Solidarität ist keine Selbstverständlichkeit, auf die man aufgrund gleicher Lebenslagen, gleicher sozialer Herkunft und gleicher kultureller Bindungen bauen kann. Solidarität ist stärker als früher Ergebnis von Einsicht, die geweckt und gestärkt werden muß.

Da sich Individualität und Selbstentfaltung nur auf der Grundlage kollektiver Sicherungssysteme voll entwickeln können, müssen wir die sozialen und rechtlichen Rahmenbedingungen für die Entfaltung der Persönlichkeit erhalten und weiterentwickeln.

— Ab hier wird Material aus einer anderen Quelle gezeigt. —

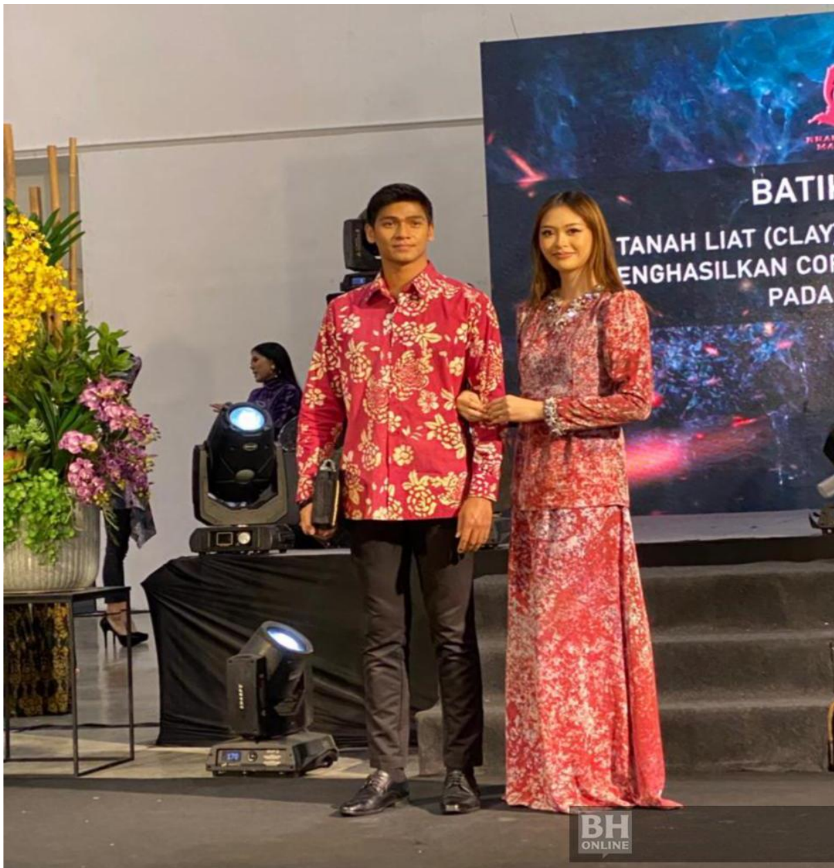
Antara rekaan batik mengadaptasikan konsep Agrotourism dengan penghasilannya gunakan tumbuh-tumbuhan dan tanah.

Turut menarik perhatian adalah kombinasi warna yang diketengahkan dengan kebanyakannya mengaplikasikan warna lembut sekali gus memperlihatkan rekaannya lebih santai, anggun dan sesuai digayakan untuk acara sama ada formal atau tidak rasmi.
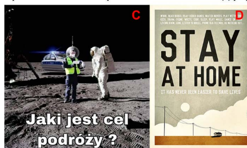
Figura 2. Ejemplos de memes con esquemas narrativos de sátira (c) y épica (d)

El esquema satírico incluye 96 memes y es el segundo tipo de narrativa más frecuente. Un ejemplo de esta narrativa es un meme del Polska Times (2020b) (Figura 2-c) donde una patrulla de policía polaca detiene a un astronauta. El policía pregunta: «¿Cuál es el propósito de su viaje?». El esquema narrativo «épico» fue el menos frecuente (42 memes en total). Sin embargo, cabe señalar que fue la
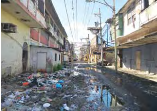
Slumsy w Colon straszą i inspirują.
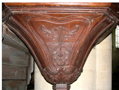
Culot de la cuve.
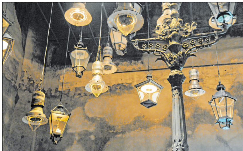
▲ Es werde Licht: Dank der Kohle konnten Anfang des 20. Jahrhunderts die Straßen nachts durch Gaslaternen erleuchtet werden.
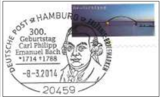
Carl Philipp Emanuel Bach componeerde een 'Fuge über B-A-C-H'.
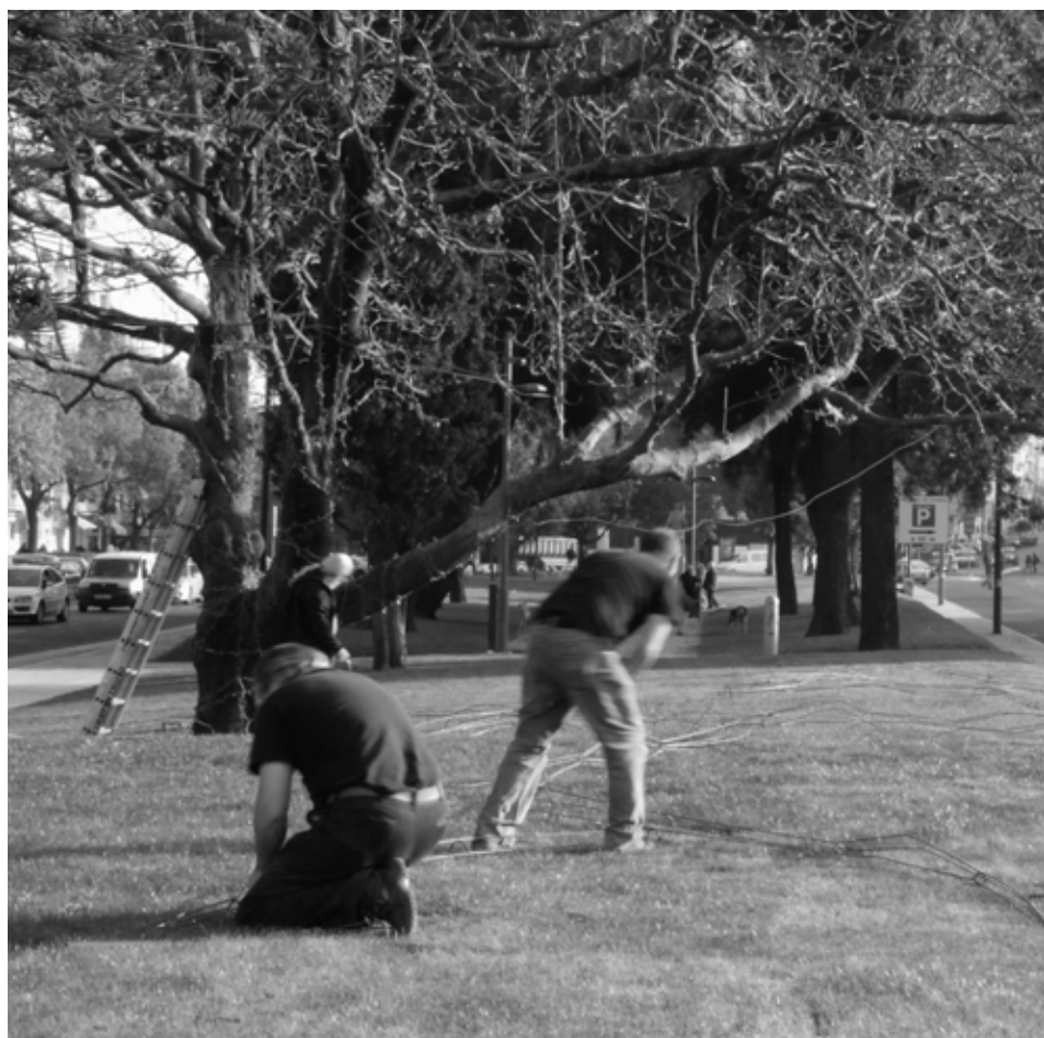
MONTAGEM DA INSTALAÇÃO
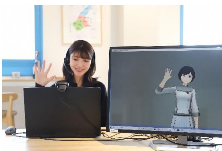
アバター操作の様子

ロボットが動くロジックと必要なプログラミングが親子で学べる体験教室や、専用のコントローラーを使ってカメラ付のロボットを操縦する体験等
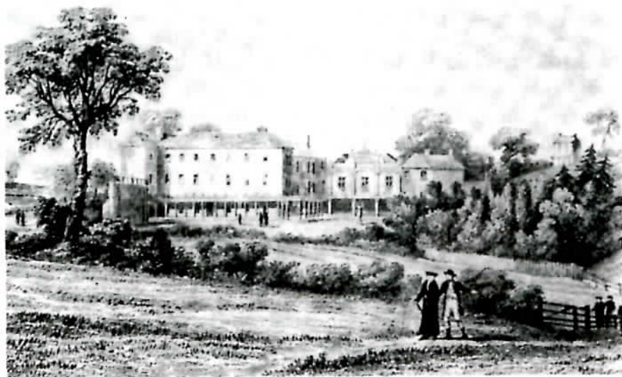
St. Mary's College, Oscott. Grabado en Maryvale.

Si bien la conversión se puede entender como un desarrollo, esto no significa que la conclusión no suponga siempre un 'paso' final firme y definitivo, que necesita de voluntad y es siempre libre. Antes de aventurarse tampoco se ve claro. Por otra parte el converso sufre incomprendimientos de ambas partes. Estas dificultades propias del camino hacia la verdad, hacen que la conversión sea generalmente lenta, y por lo tanto no se pueda hacer todo de una vez. ¿Qué obra buena llegaríais a comenzar si desearais, ya desde el principio, ver la terminación? Si queréis hacer todo de una vez, no haréis nada. El que comienza bien ha realizado la mitad del trabajo... Es mejor venir con rapidez, pero es aún
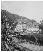
Fotonummer Aufnahmejahr Fotograf Beschreibung

Blick von NO auf die ehemalige Spinnerei Himmelmühle mit ehem. Spinnereigebäude, davor links Langes Haus (Wohnhaus), rechts Kurzes Haus, davor Zschopau mit Straßenbrücke (Stahlträger, A 20. Jh.)
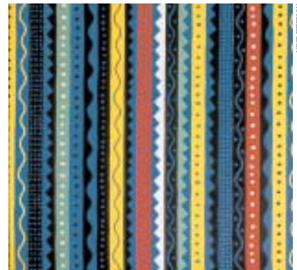
Textile imprimé de la collection « Lek » de 10-Gruppen, 1980. Design Susanne Grundell.
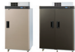
農家向け低温貯蔵庫

この結果、ライフ&サポート事業の売上高は、68億4千7百万円（前期比16.1%増）となりました。
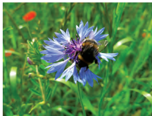
Juin 2024 : la prairie fleurie
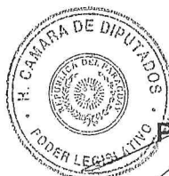
Pedro Alliana Rodríguez Presidente H. Cámara de Diputados

Emanzipation und Selbstbewußtsein der Menschen führen dazu, dass ihr Bedürfnis nach Mitgestaltung wächst. Der Sozialstaat muss die kulturelle Vielfalt fördern. Vor allem muss er den Einzelnen wie den gesellschaftlichen Gruppen Handlungsräume für die demokratische Mitgestaltung unserer Wirtschaft und Gesellschaft gewährleisten. Mitbestimmung und Tarifautonomie gehören zu den wesentlichen Voraussetzungen einer demokratischen Gesellschaft.

Für die Gewerkschaften ist eine marktwirtschaftliche Ordnung ohne den Rahmen, den der im Grundgesetz verankerte Sozialstaat setzt, nicht akzeptabel. Der Sozialstaat hat die Verpflichtung, das Recht auf Arbeit zu verwirklichen und gleichwertige Lebensbedingungen sowie Entfaltungschancen zu schaffen und zu ermöglichen. Er muss Chancengleichheit sowie soziale Gerechtigkeit herstellen und das System der sozialen Sicherheit erhalten und ausgestalten. Er hat den Auftrag, durch eine hochwertige Infrastruktur, durch leistungsfähige öffentliche Dienste und durch eine konsequente Umweltpolitik für mehr Lebensqualität zu sorgen. Der Sozialstaat muss als Fundament einer gerechteren Gesellschaftsordnung verteidigt werden.

Auch wir als Gewerkschaften tragen Verantwortung dafür, dass diese Gesellschaft Demokratie und Freiheit, Gleichheit und Gerechtigkeit, nachhaltige Entwicklung und ökologische Erneuerung verwirklicht und auf den Vorrang von Arbeit und Umwelt, auf soziale Vernunft und friedlichen Interessenausgleich setzt.

Wir fordern alle Arbeitnehmerinnen und Arbeitnehmer auf, die Gewerkschaften zu stärken und an der Verwirklichung unserer Ziele mitzuwirken. Wir laden alle gesellschaftlichen Gruppen, die sich an den Grundwerten von Demokratie und Freiheit, Solidarität und Gerechtigkeit orientieren, zur Zusammenarbeit ein. So erhalten und erweitern wir unsere Kraft zur Mitgestaltung und Reform der Gesellschaft.